WOW. . . Some People :roll:


----------



## Old Fudd (Nov 24, 2007)

The bow is not strung . This person has slid the string on each end. also the string looks like it's just a tad to long for that bow, I would never store a bow like that ,,


----------



## elk22hunter (Sep 7, 2007)

I have that EXACT bow and that is EXACTLY how I store mine. Dont know that I would list it with a photo like that but that is EXACTLY what mine looks like right now.


----------



## Old Fudd (Nov 24, 2007)

ELK. Sorry man. If thats the way you store your bow. thats great. But as for myself and 46 yrs of shooting old recurve sticks Id never store one in that position.Everybody is different. and the question was he had it strung. and its not strung


----------



## elk22hunter (Sep 7, 2007)

oldfudd said:


> ELK. Sorry man. If thats the way you store your bow. thats great. But as for myself and 46 yrs of shooting old recurve sticks Id never store one in that position.Everybody is different. and the question was he had it strung. and its not strung


Ha ha............I am simply mentioning that I am most likely storing mine wrong. Its just a kids bow and it is the only way that i can always find the string with it.


----------



## Old Fudd (Nov 24, 2007)

Elk. I hear ya. I always miss place my string. Go out an buy another. and then all of a sudden I find a box of the **** things..


----------



## longbow (Mar 31, 2009)

I figure after making custom recurves and longbow for many years I could chime in on this one. He's probably stung it backwards so he doesn't loose his string. It doesn't hurt it but, unlike some say, it doesn't help it keep it's weight or keep the limbs straight.
Whatever you do don't store it in the heat and DON'T store it standing on it's tip. You will have a twisted tip in no time.
Also, don't use the step-through method to string it. Use a good stringer or in a pinch you could use the push-pull method, albeit a little dangerous.
Hope that helps. Chuck.


----------



## Finnegan (Sep 7, 2007)

longbow said:


> Also, don't use the step-through method to string it.


Because?

I used that method for 25 years and didn't see any harm in it, so I'm curious.


----------



## longbow (Mar 31, 2009)

You can very easily twist the tips of your bow and/or grind the tip into the ground. It's accually the easiest way to string a bow but I wouldn't recomend it.


----------



## swbuckmaster (Sep 14, 2007)

dosent salt lake archery have a pictue of a guy with his eye poked out because he didnt use a stringer?

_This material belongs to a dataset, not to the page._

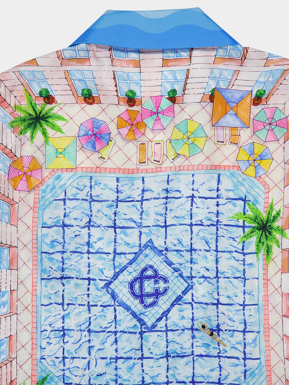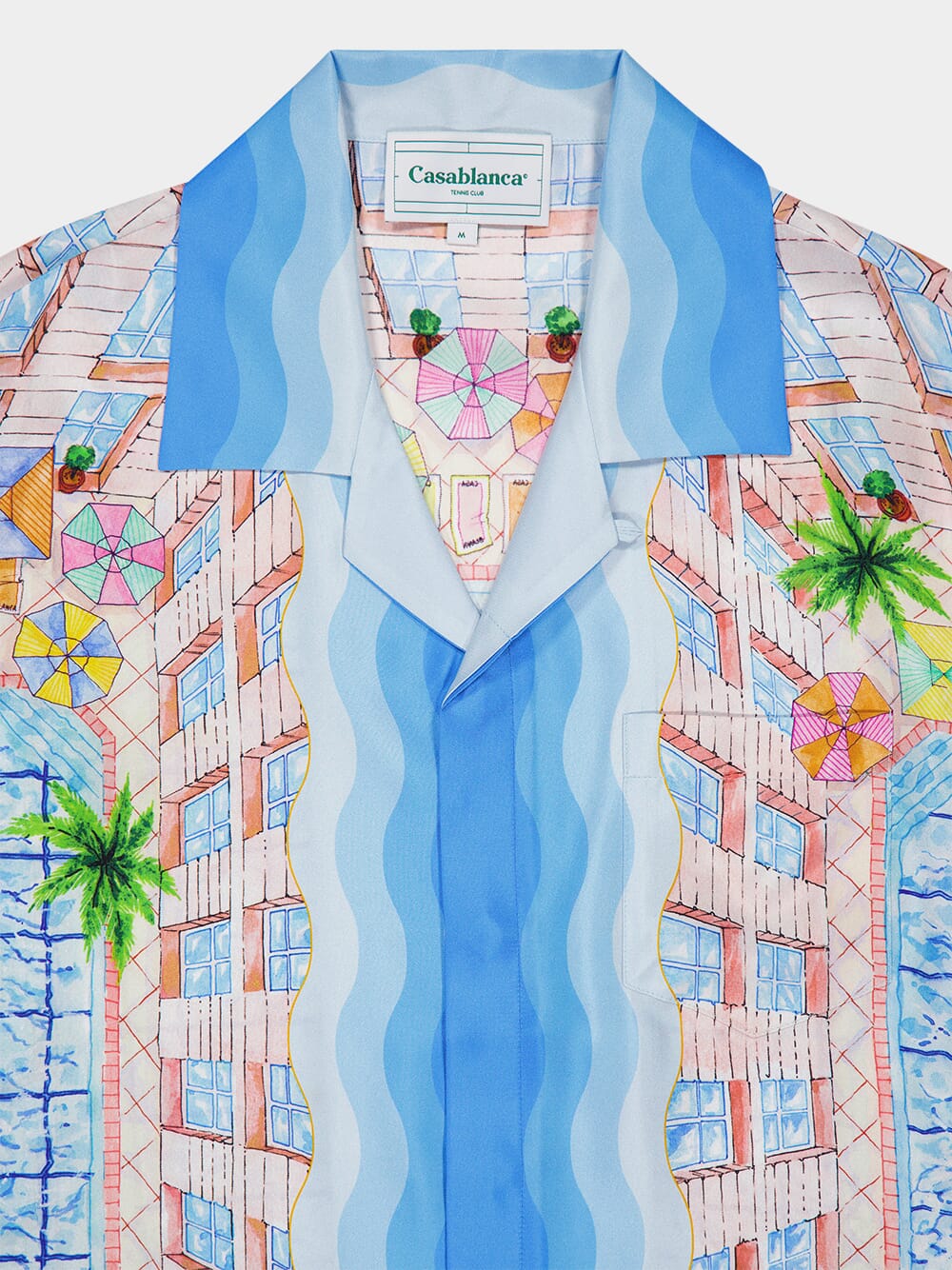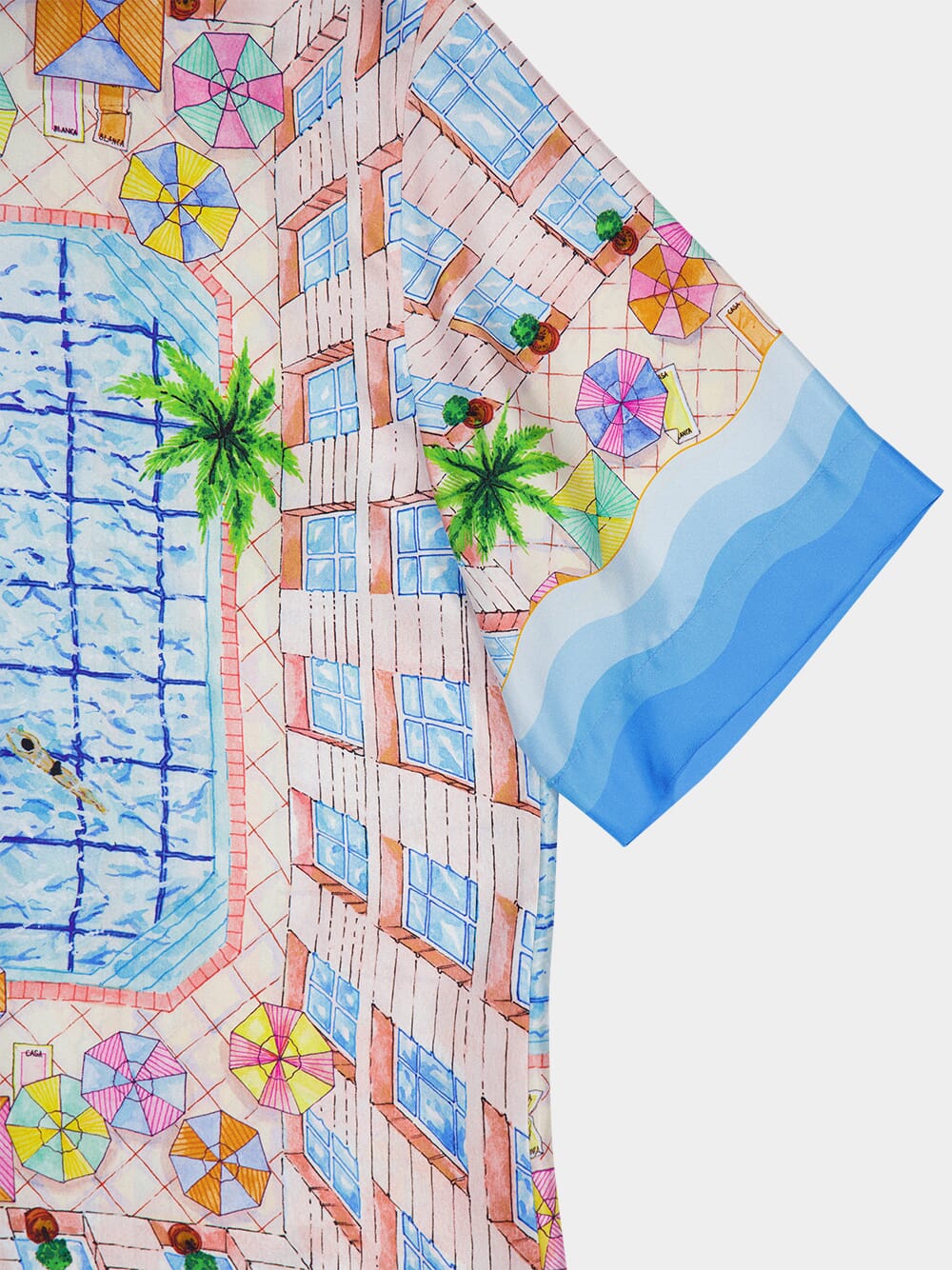 The Le Plongeon silk shirt is a short-sleeve masterpiece crafted from luxurious silk twill. It features a vibrant print inspired by a picturesque day at a hotel's swimming pool, viewed from above. The light and idealistic color palette of soft pastels captures the essence of travel and relaxation. This shirt is completed with a front button closure, a Cuban collar, a breast pocket, and contrasting Memphis wave-inspired gradient stripe details on the cuffs, collar, hem, and placket. Perfect for adding a touch of elegance to your summer wardrobe.
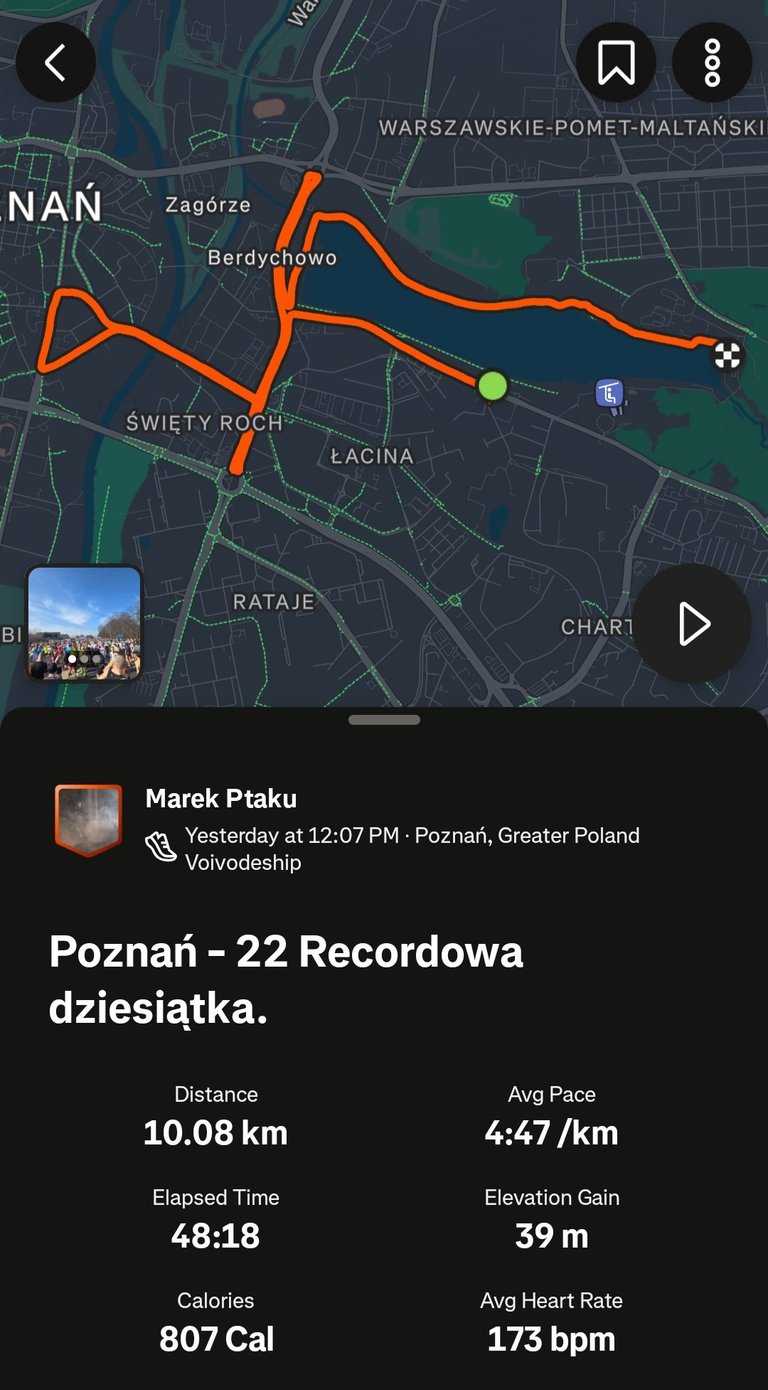 My first race of the year is done. I opened the 2026 season with a 10 km race in Poznań.

I dont know anything about recurves other than they make it 10 times harder to get the job done.

except on carp. I got to get me a rig for carp


----------



## longbow (Mar 31, 2009)

Actually it isn't 10 times harder but it's fun for people to think that.


----------



## north slope (Sep 8, 2007)

Where is Tex o boo when you need him. :lol:


----------